Hydrocodone Addiction and Treatment Options

Hydrocodone is a semi-synthetic opioid manufactured from codeine, which is derived from the opium poppy. It is a type of painkiller, originally created in a lab in the early 1920’s by Knoll Pharmaceuticals of Germany. They introduced more hydrogen molecules to chemically change to the structure of codeine, in an effort to make it less addictive and easier on the stomach.

The History of Hydrocodone

The National Research Council was responsible for ensuring the safety, efficacy and side effects of 350 drugs in 1929, among them was hydrocodone. While is was found to have side effects consistent with that of other opioids, it was also discovered that it caused an intense euphoric (a feeling intense excitement and happiness) effect in rats that had also built up a tolerance to morphine. It was noted that smaller doses of hydrocodone given to the rats in place of larger doses of morphine seemed to have the same amount of pain relief and sense of euphoria.

In 1970, under the United States Controlled Substances Act, hydrocodone was classified as a Schedule II drug. This meant three things: the drug has high potential for abuse, is it currently accepted as medical treatment in the US, and abuse of the drug could lead to severe psychological or physical dependence.
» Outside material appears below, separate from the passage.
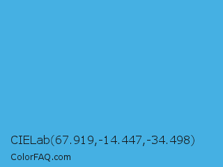 CIELab 67.919,-14.447,-34.498 Color is a normal blue color and the nearest color is Picton Blue #45b1e8. Hex code #45b0e3 and RGB value is rgb(69,176,227). In RGB color space, this color is composed of 27% red, 69% green, 89% blue, In CMYK color space, this color is composed of 70% cyan, 22% magenta, 0% yellow , 11% black , In HSL color space, this color has a hue angle of 199° , 74% saturation and 58% lightness.

There was, however, a condition placed on drugs containing less than 15 milligrams of hydrocodone in combination with other drugs such as acetaminophen (tylenol), to be classified as Schedule III drugs. This means three things: the drug has a potential for abuse, but it is less than those in Schedule I or II, the drug is currently accepted as treatment in the US, and abuse of the drug may lead to moderate or low physical dependence and high psychological dependence.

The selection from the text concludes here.